Все разом померкло, затихло и отдалилось, но сквозь эту пелену она по-прежнему слышала крики и видела, как Вепперс тяжело поднимается на ноги, выпрямляясь над ее телом во весь рост. Он не забыл и о победной пощечине, просто так, на память. Еще двое человек подскочили к ней с другой стороны, принялись ощупывать, трогать, приводить в чувство, искать пульс, останавливать кровотечение.
Слишком поздно...подумала она. Бесполезно... Все зря...
Тьма неторопливо, но неотвратимо надвигалась со всех сторон поля зрения. Она вгляделась в нее. Даже моргнуть не было сил.
Она ожидала какой-то выдающейся мысли, внезапного прозрения, но ничего подобного не последовало.
Высоко над ней слабо покачивались на исполинском карусельном колесе декорации и постройки, постепенно исчезая из виду. Прямо напротив подвешенного на карусели городка островерхих крыш оказалась изодранная в клочья картина на сценическом заднике. Горный пейзаж с заснеженными вершинами и утесами романтически изломанных очертаний под ярко-синим небом, по которому кое-где проплывали белые облачка. Впечатление несколько смазывалось, так как задник сильно пострадал: ткань испещряли дырки, усеивали разрезы и уродовали зияющие прорехи, а нижняя рама была сломана.
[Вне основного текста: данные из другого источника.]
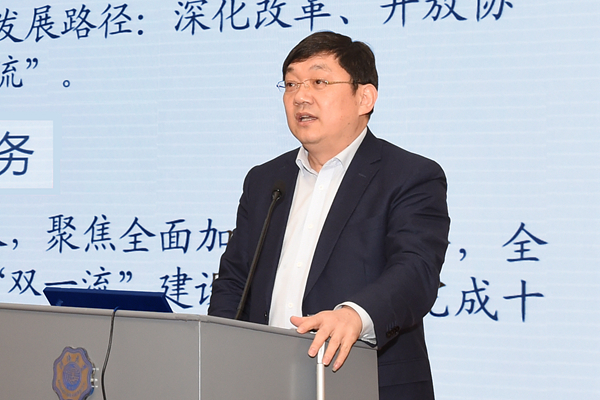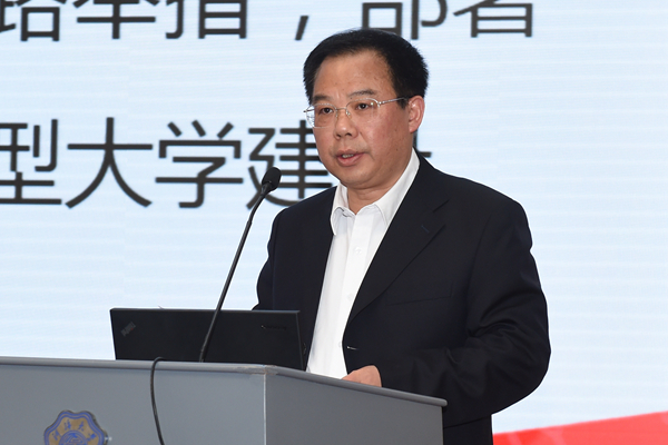 徐辉校长作题为《贯彻落实学校第十三次党代会精神,全面扎实推进世界一流特色研究型大学建设》的报告。他全面总结过去一年学校各个方面取得的成绩,客观分析了存在的突出问题与薄弱环节。他站在建设“中国特色、世界一流”大学的高度,提出要围绕内涵式发展、高质量发展的新要求,以学科为纲、育人为本、人才为魂、成果为要、资源为基,切实深化改革、开放协同、合作交流,努力实现党代会提出的九个“一流”目标任务。他从强化人才培养中心地位、构建高质量发展体系、做好学院学科建设规划、深化人事制度改革、推进国际合作与交流、谋划大平台和大项目、开展机构优化调整、加强执行力建设等八个方面对2018年目标任务进行部署。他要求全校上下要脚踏实地,担当作为,高质量完成2018年各项目标任务。
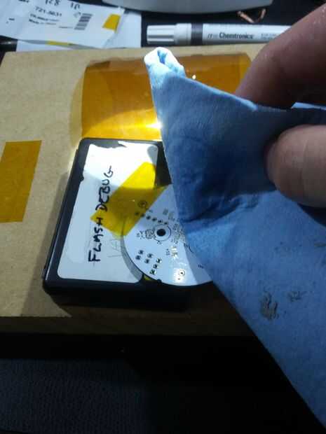 Limpio el PCB con IPA empapado en un trapo (un poco) si tienes un microscopio o una lupa decente, ahora sería ser un buen momento mirar alrededor para cualquier fibras callejeros que puedan interferir con los pads de soldadura.
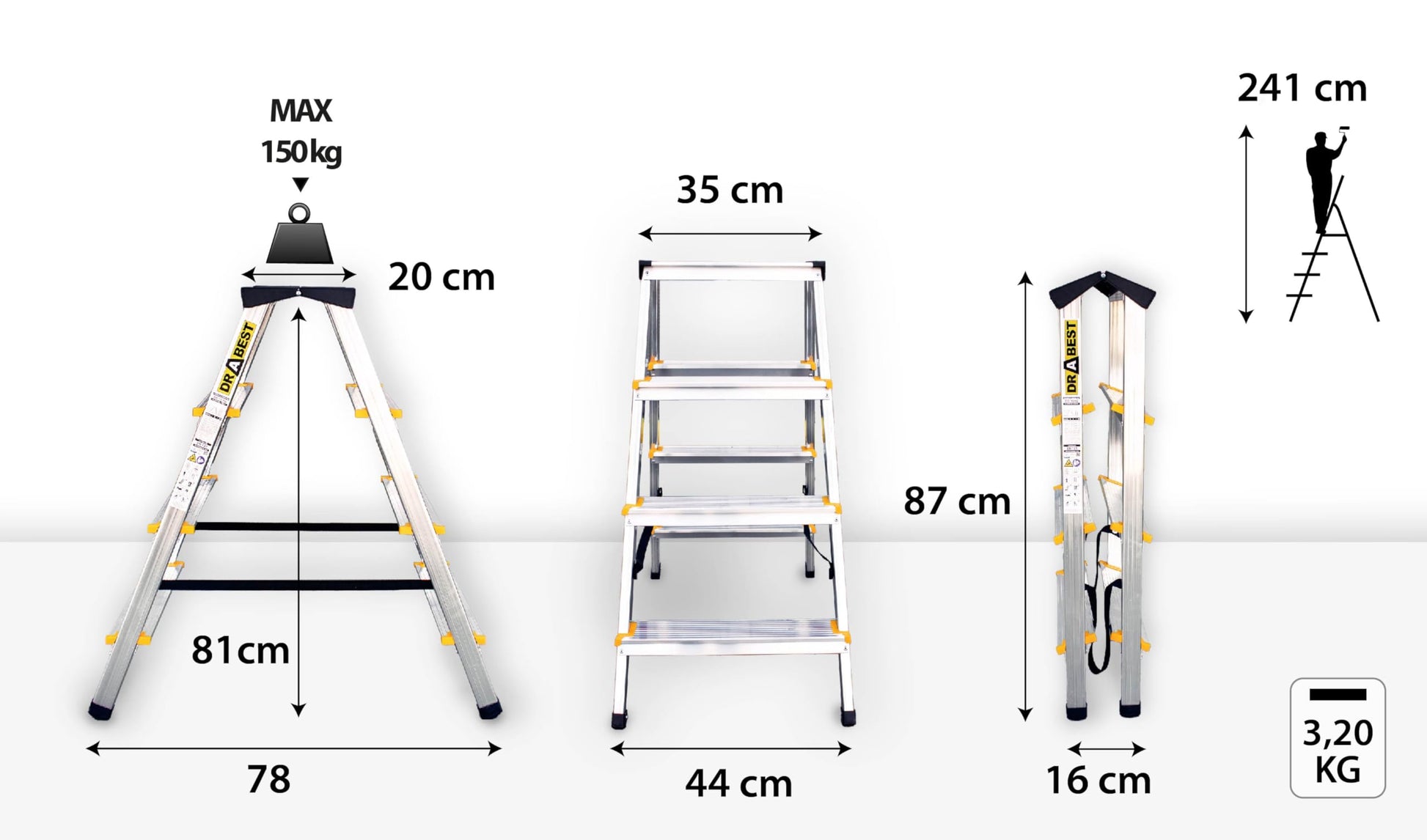 Sie erreichen eine maximale Arbeitshöhe von ca. 2,81 m. Zusammengeklappt ist die Leiter äusserst kompakt und passt mit ihren geringen Massen (ca. 87 cm hoch und 16 cm tief) platzsparend in fast jede Nische.

Значит, вот к чему она все это время прижималась так крепко.
Горы и небеса.
Перспектива — чудесная штука,перекатывалась мысль в ее меркнущем сознании: лениво, медленно, как бывает при тяжком похмелье.
Потом ей надоело думать, и она умерла.
ДВА
Рядовой Ватуэйль, прежде числившийся в Первом Кавалерийском Отряде Их Высочеств, а впоследствии разжалованный в Третью Экспедицию Саперов, отер струившийся по лицу пот чумазой заскорузлой ручищей. Он попытался переместить согнутые колени на несколько сантиметров дальше по каменному полу туннеля и был наказан за это судорогой, которая с новой яростью скрутила мышцы ног. Поняв, что ничего сделать не удастся, он вновь воткнул свою лопату с короткой ручкой в перегородившую туннель стену грязи и дерьма, из которой там и сям выдавались булыжники. Усилие, которое он приложил к лопате, вызвало новый приступ мышечной боли, но на этот раз волна судорог прокатилась по спине и согнутым плечам. Порядком затупившаяся лопата с трудом проткнула слой слежавшейся земли, булыжников и нечистот, а затем стукнулась о скалу, которую он скрывал под собой.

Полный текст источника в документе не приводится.